Often when we’re getting too much salt, we’re getting it from processed foods and not quality salt sources.
And this is part of the problem.
Instead we want to focus on things like sea salt or pink himalayan salt that can both have a beneficial impact, improving the quality of our sleep because they contain many helpful electrolytes and trace minerals for regulating hormone levels.
We also need to stop demonizing something just because it is bad for a specific population and health concern.
Too often this leads to healthy individuals restricting something they should be including in their diet.
I mention this because recent research has even shown that low-salt diets have been linked to promoting insulin resistance in healthy individuals.
And that people who consume a moderate amount of salt were in the lowest risk category for heart problems and death, even lower than people who ate less salt.
The “moderate” sodium intake used in this study was about 4,000 – 6,000 milligrams per day.
So realize that the quality and source of the food you’re including can have an impact and just because it isn’t right for one person doesn’t make it not right for someone else!
The 5th and final food I wanted to discuss is…Bread.
Often when people want to lose weight, they think they need to cut out all carbs, and bread is among the first they list to go.
Bread has also gotten more hate as going gluten-free has become more and more popular even though many of us will have no issues consuming gluten and bread could be an enjoyable way to increase our carbs to create that anabolic environment for growth.
And not only can bread be included in our diet, but there is so much variation in the health benefits different types of bread may provide.

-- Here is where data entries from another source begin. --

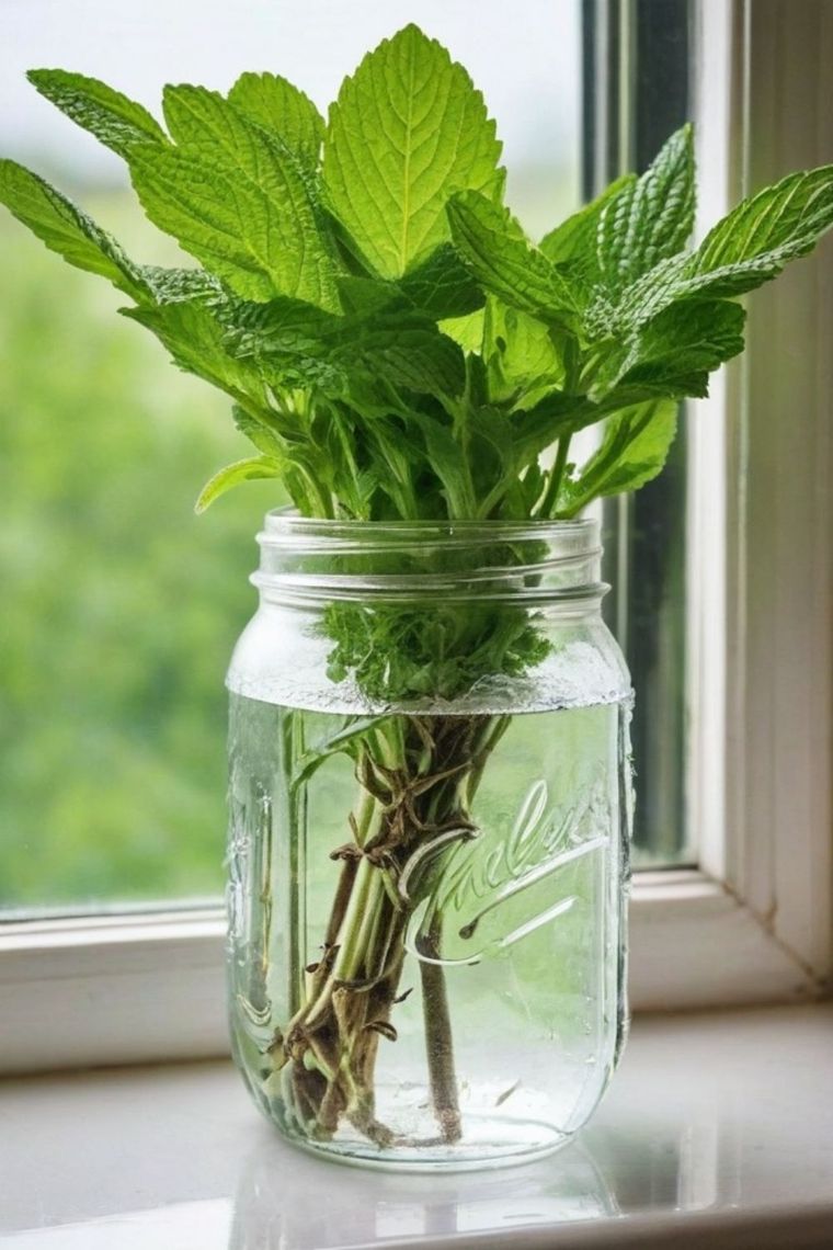 La menta da resultados rápidos. Se toma un tallo fresco y se coloca en un vaso con agua limpia. En una semana ya hay raíces visibles. Luego se mantiene en la cocina y se usa en bebidas o comidas.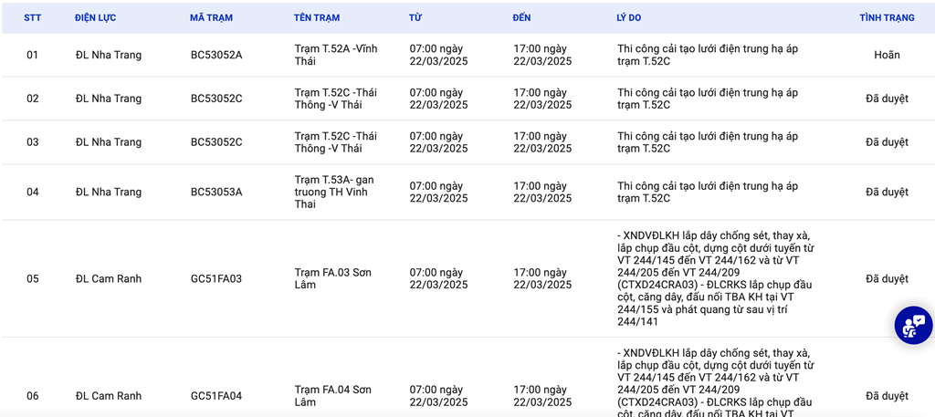 | 1 | ĐL Nha Trang | BC53052A | Trạm T.52A -Vĩnh Thái | 07:00 22/03/2025 | 17:00 22/03/2025 | Thi công cải tạo lưới điện trung hạ áp trạm T.52C | Hoãn |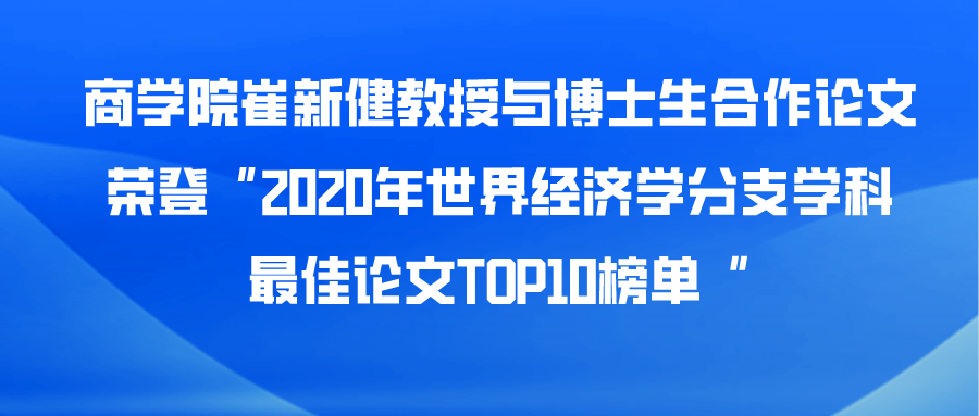PA视讯集团官网崔新健教授与博士生合作论文荣登“2020年世界经济学分支学科最佳论文TOP10榜单“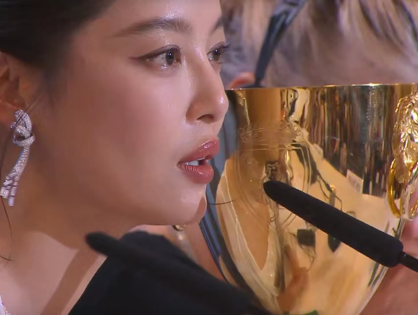 评委会成员赵涛给她颁奖,2018年辛芷蕾曾经发微博表示自己要成为国际巨星,她实现了这个梦想,站在国际舞台领奖。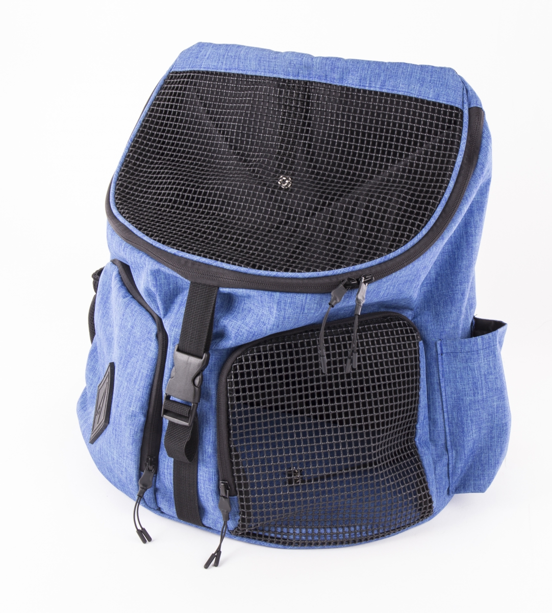 For safety: a solid net, zippers including a double one on the top and activated by a safety buckle, a strap with a carabiner inside to attach to the animal's collar.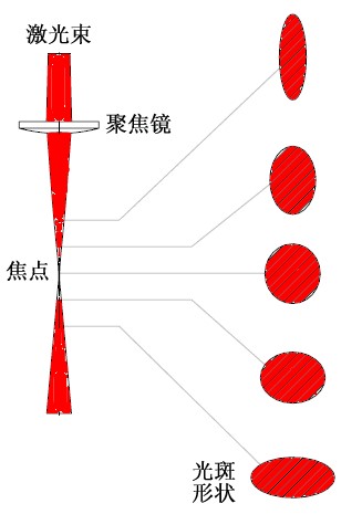 激光束光斑形狀:在焦點上是圓形的,離焦后帶點橢圓形。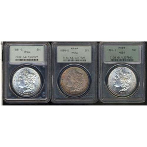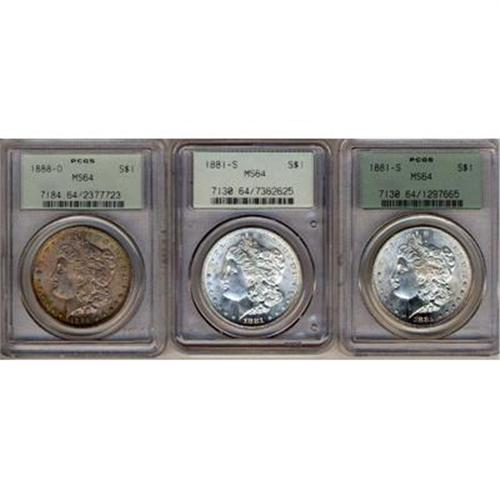 Lot 69 - Lot of Three Morgan Dollars Various Dates PCGS MS64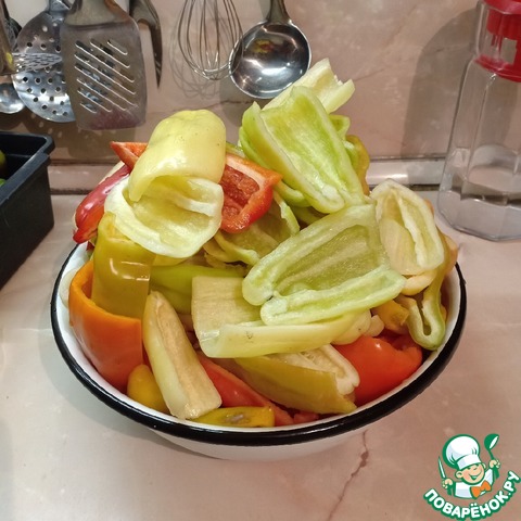 Перец вымыть, очистить от семян и разрезать пополам. Если перец крупный, то можно разрезать на 3-4 части.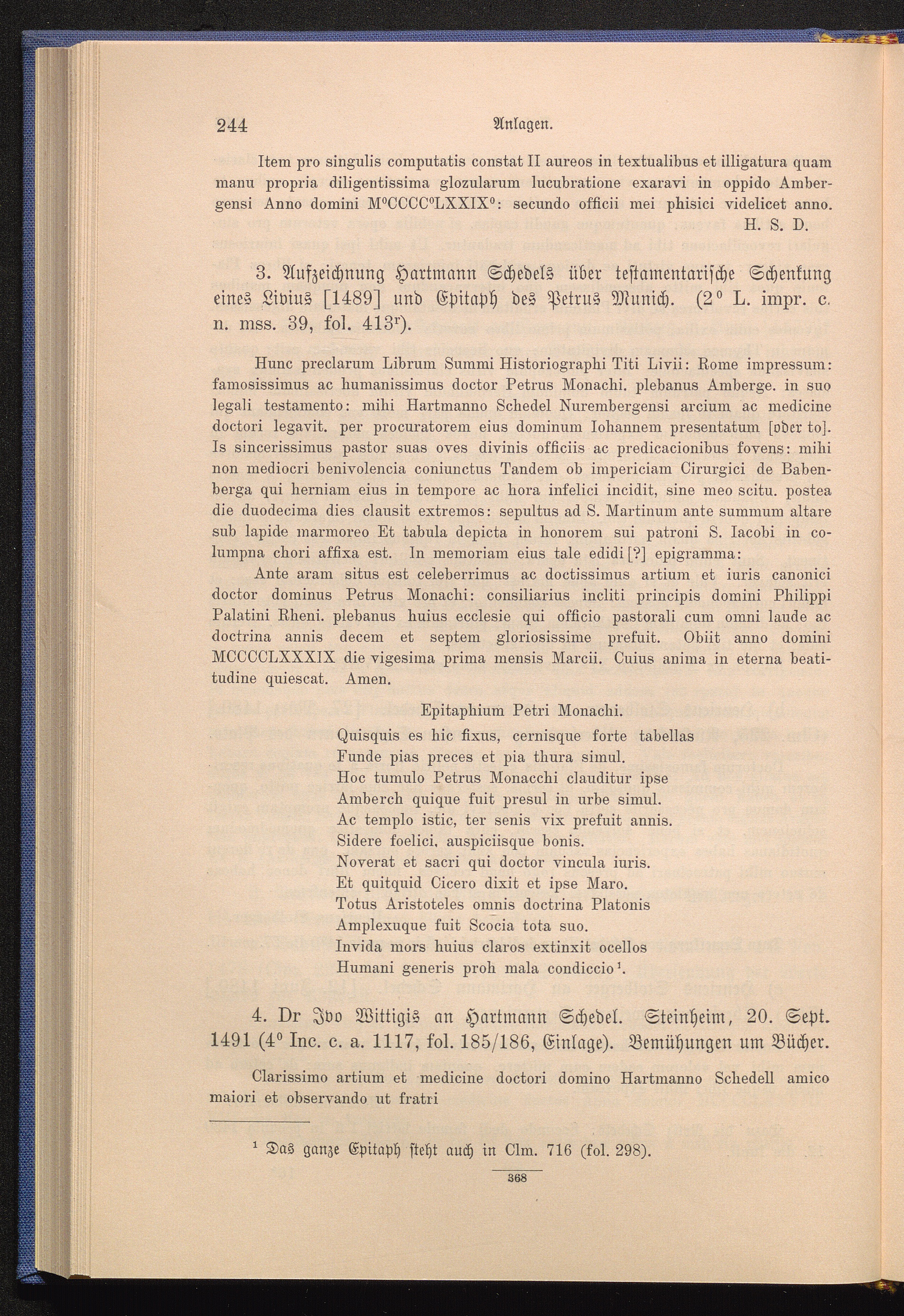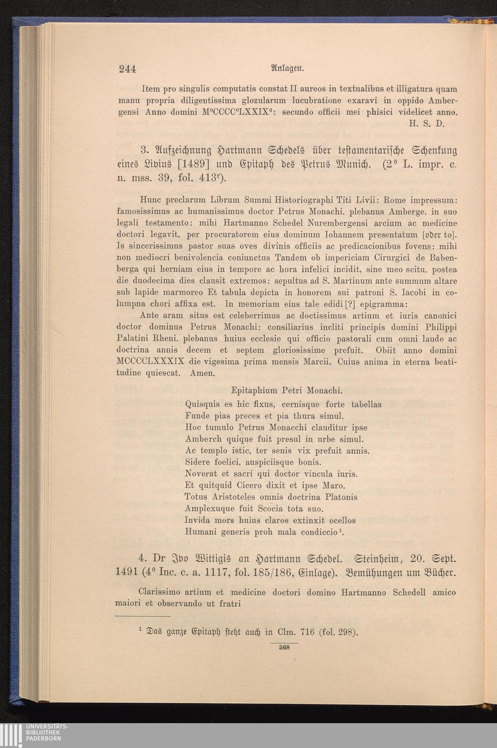 Die Schedelsche Bibliothek : ein Beitrag zur Geschichte der Ausbreitung der italienischen Renaissance, des deutschen Humanismus und der medizinischen Literatur / von Richard Stauber. Nach dem Tode des Verf. hrsg. von Otto Hartig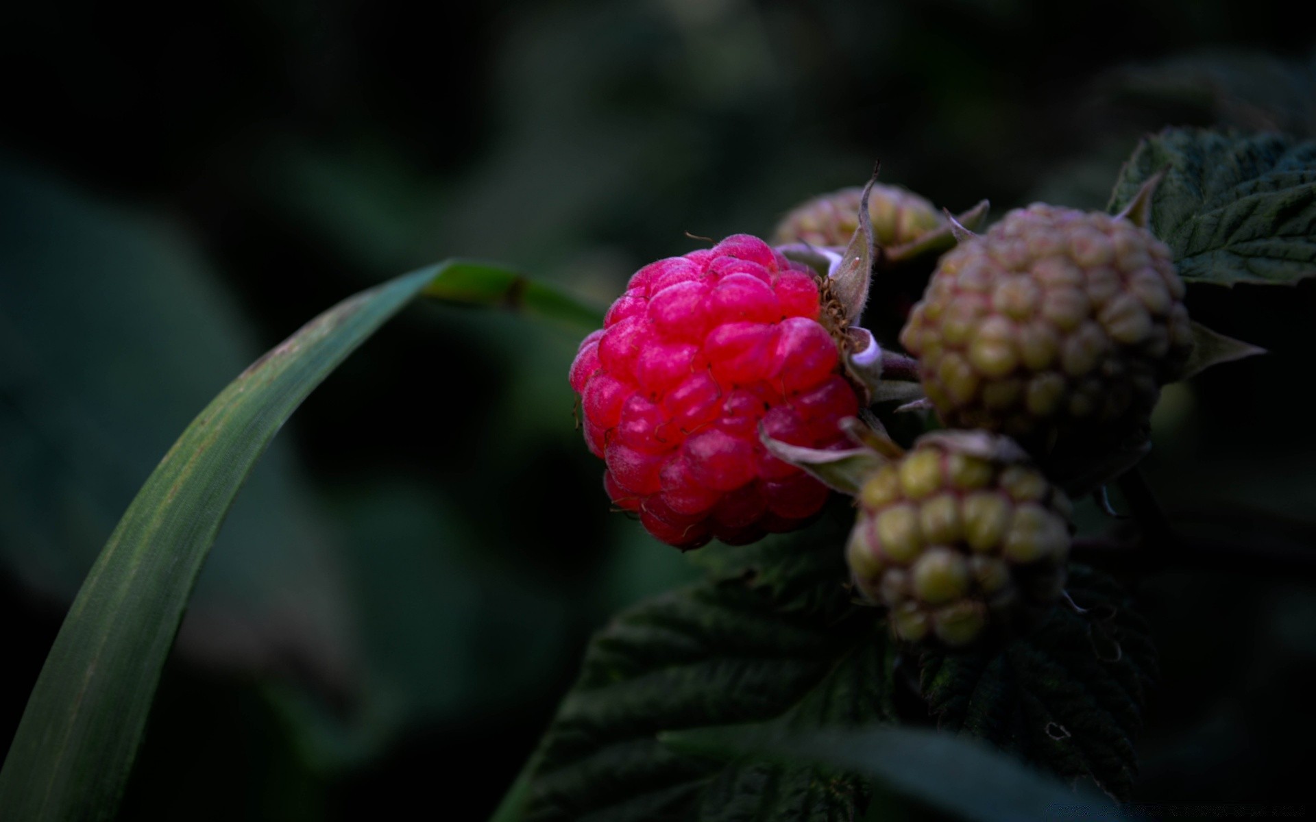 Macro photography of forest raspberries in excellent quality

Not only are there more whole-grain variations of bread that contain more fiber, but even sourdough bread can provide more health benefits than we realize.
While it isn’t gluten-free, sourdough bread may even be tolerated better by those with IBS or a gluten intolerance or sensitivity.
And because of the unique fermentation process for sourdough bread, it can help improve our gut health and unlock more of the B vitamins in the bread.
Sourdough is also usually made with fortified flour, which can bump our iron and folate intake!
So just because there are some very processed breads out there that may not provide as much nutritional benefit, we shouldn’t just demonize all breads but find the ones that help us enjoy our meals and create a sustainable and healthy lifestyle!
While not all of these foods may be right for you and your dietary preference, we want to recognize the benefits of including a diversity of foods in our diet to create a healthy, sustainable lifestyle balance.
There are always downsides and upsides to everything we include and the more we understand the nuance to everything, the more we can find what we need to reach our goals and feel, look and move our best!